(Beginning of Information provided)

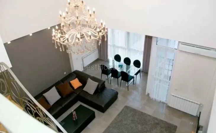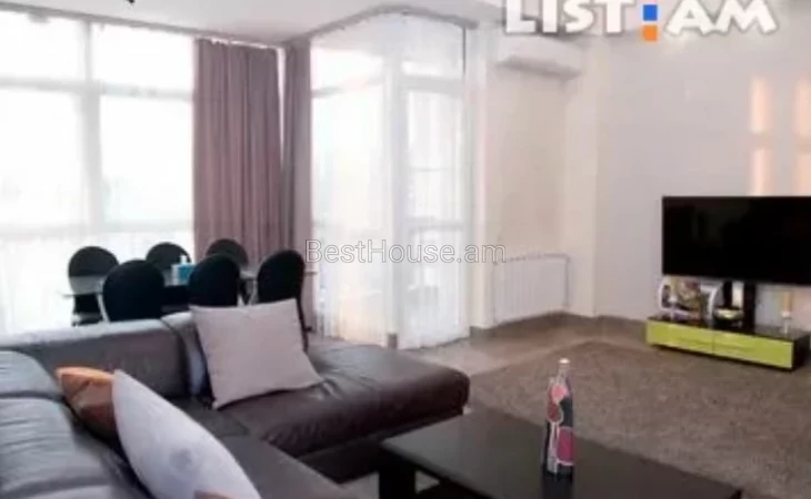 A 4-room apartment, renovated in designer style, with an area of 157 square meters, is for rent on Rostomi Street. The apartment has a garage, several balconies. Equipped with necessary property and equipment.
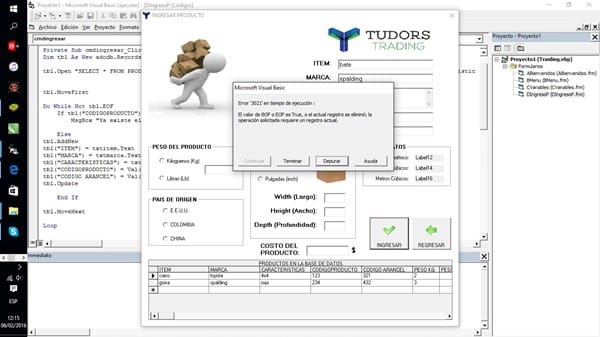 Aquí un nuevo error en el programa que estoy tratando de ejecutar, el programa es sencillo, llenar una base de datos de unos productos, pero que al intentar ingresar me revise primero si ya existe uno con el CODIGOPRODUCTO que se esta introduciendo, de ser así msgbox de existencia, de lo contrario ingresar los datos del nuevo producto.
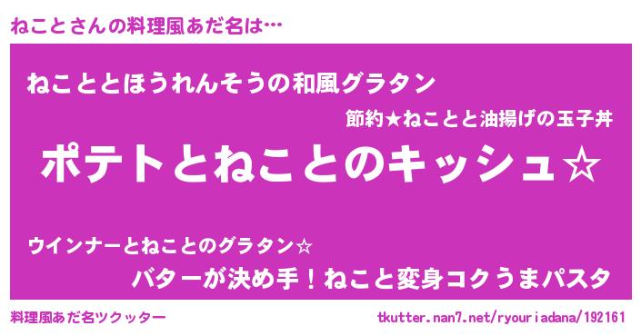 | ヒーロー風カッコイイあだ名 | 『幻影騎士ネコ』『慈愛の使者ねこと』 |

(End of Information provided)

# [Exercise details]
Output only these lines, word for word: the line containing "Aquí un nuevo" and every line after it through the last line of the data. Omit the pictures.

# [Result below]
 Aquí un nuevo error en el programa que estoy tratando de ejecutar, el programa es sencillo, llenar una base de datos de unos productos, pero que al intentar ingresar me revise primero si ya existe uno con el CODIGOPRODUCTO que se esta introduciendo, de ser así msgbox de existencia, de lo contrario ingresar los datos del nuevo producto.
 | ヒーロー風カッコイイあだ名 | 『幻影騎士ネコ』『慈愛の使者ねこと』 |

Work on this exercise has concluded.